陆衡低头轻轻啄她两下,将窈窈的手拢在手中:“不去了,你想做什么,我便陪你做什么。”

窈窈面上染了薄红,明明同陆衡再怎么亲密的事都有,可只要陆衡同她亲近,她面上便烫得厉害,想来,这是她的毛病,脸皮子太薄。

陆衡捧起她的脸,去吻窈窈。

于窈窈来说,只要两个在一处,便是看着对方傻坐也是有趣的,她让陆衡亲了个够,一个吻结束,便又瘫在陆衡怀里。

陆衡衣袍大敞,露出结实如玉的胸腹,因为窈窈那一颗药,他的身上再留不下疤痕,有时二人闹得过了,窈窈抓了他一身,也不过一日便全好。

反倒是窈窈,只能用衣裳挡着。

窈窈一愣:“你脱什么衣裳?”

“怕硌疼你。”陆衡将衣袍掷了,天热,不穿也不觉冷。

窈窈取回中衣,又起身取了柔软舒适的长衫来,给陆衡穿衣:“那也不必连中衣也脱了,不怕着凉吗?平日还总同我说,切莫贪凉,自个倒是一点也不在意。
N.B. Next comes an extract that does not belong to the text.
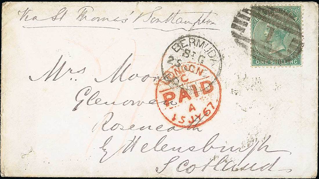 1867 (25 June) envelope from St. George's "via St. Thomas & Southampton" to Scotland, per Cunard Alpha to St. Thomas and per RMSP Tasmanian to Southampton, bearing 1865 1/- green cancelled with superb "1" (K1) and equally fine datestamp (P5) alongside partly overstruck by London Paid datestamp (15.7), Glasgow (15.7) and Hellensburgh (16.7) datestamps on reverse; most attractive. Photo

”

长衫松松垮垮地上了身,陆衡抓住窈窈的手,搂住她的腰肢往怀里带,伏在她的肩颈深吸了一口气,道:“我同你不一样,我向不怕冷,你是女子,平日若着凉,来小日子便该疼了。”

窈窈抿着唇,他是心细。

陆衡将她紧紧搂在怀中,又道:“我把你搂在怀里还怕被人抢了,哪里能忍心瞧你来小日子疼得面色发白,若是能让我替你受了,那便好了。”

窈窈忍不住笑,道:“尽说些玩笑话。”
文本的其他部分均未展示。